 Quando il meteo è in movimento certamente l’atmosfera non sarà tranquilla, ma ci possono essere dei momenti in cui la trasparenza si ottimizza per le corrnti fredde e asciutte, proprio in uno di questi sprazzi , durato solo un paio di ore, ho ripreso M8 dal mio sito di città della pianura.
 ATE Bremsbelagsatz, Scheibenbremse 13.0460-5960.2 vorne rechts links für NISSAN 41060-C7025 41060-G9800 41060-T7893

-=-=-=-=-

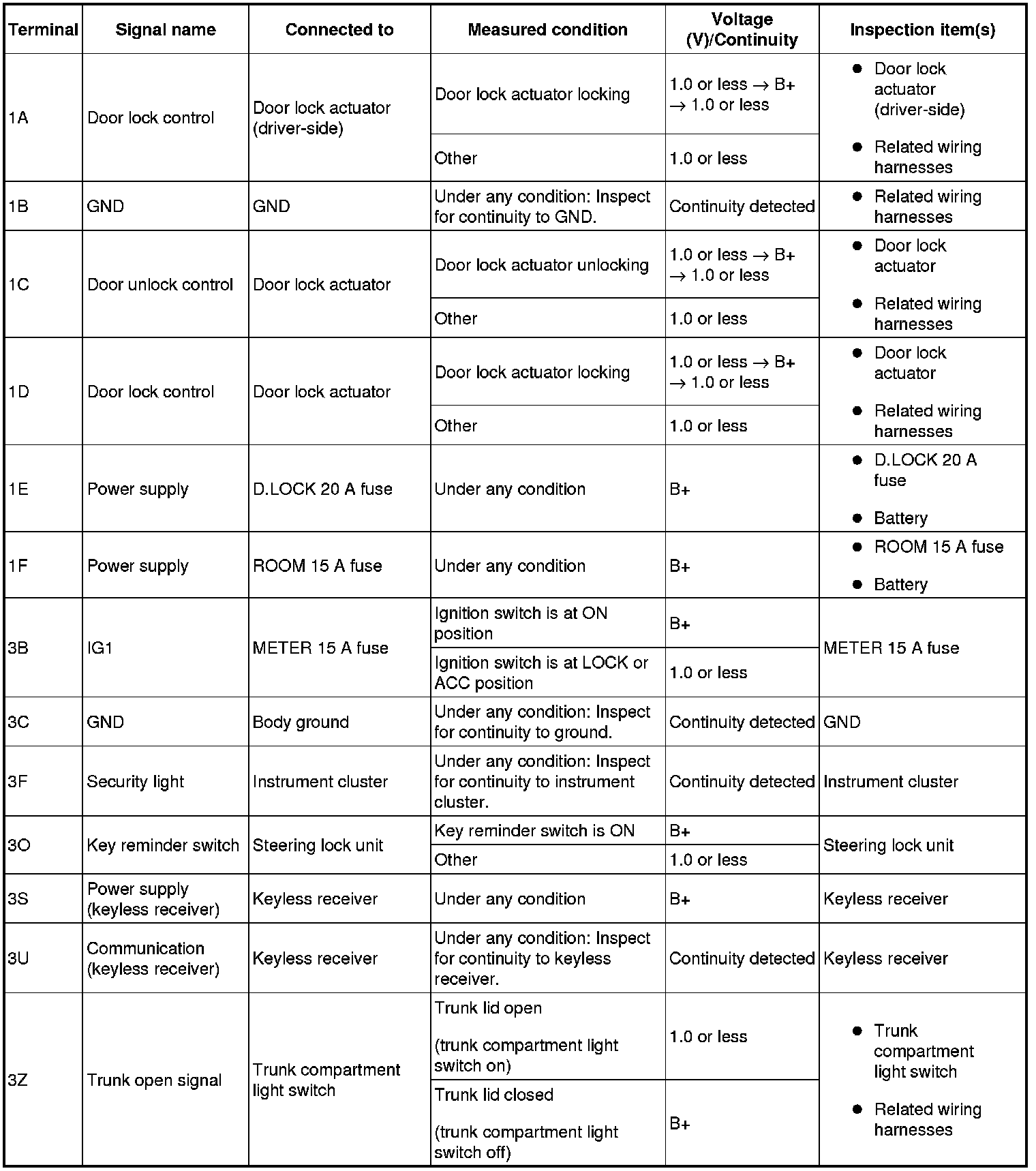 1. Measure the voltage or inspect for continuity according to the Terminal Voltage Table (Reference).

-=-=-=-=-

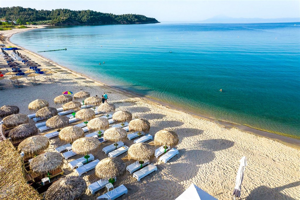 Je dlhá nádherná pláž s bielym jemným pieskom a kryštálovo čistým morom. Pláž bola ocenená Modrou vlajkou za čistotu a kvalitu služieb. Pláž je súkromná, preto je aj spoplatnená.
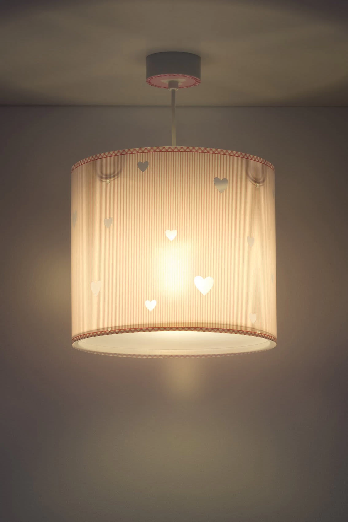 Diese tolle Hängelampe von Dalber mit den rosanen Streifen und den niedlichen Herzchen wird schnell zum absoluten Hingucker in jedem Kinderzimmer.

-=-=-=-=-

Exercise details | Only one part of the listing is wanted: the lines from the one containing "Je dlhá nádherná" through the one containing "Diese tolle Hängelampe", both included. Please transcribe it exactly, leaving out the pictures.

Output of the exercise |
 Je dlhá nádherná pláž s bielym jemným pieskom a kryštálovo čistým morom. Pláž bola ocenená Modrou vlajkou za čistotu a kvalitu služieb. Pláž je súkromná, preto je aj spoplatnená.
 Diese tolle Hängelampe von Dalber mit den rosanen Streifen und den niedlichen Herzchen wird schnell zum absoluten Hingucker in jedem Kinderzimmer.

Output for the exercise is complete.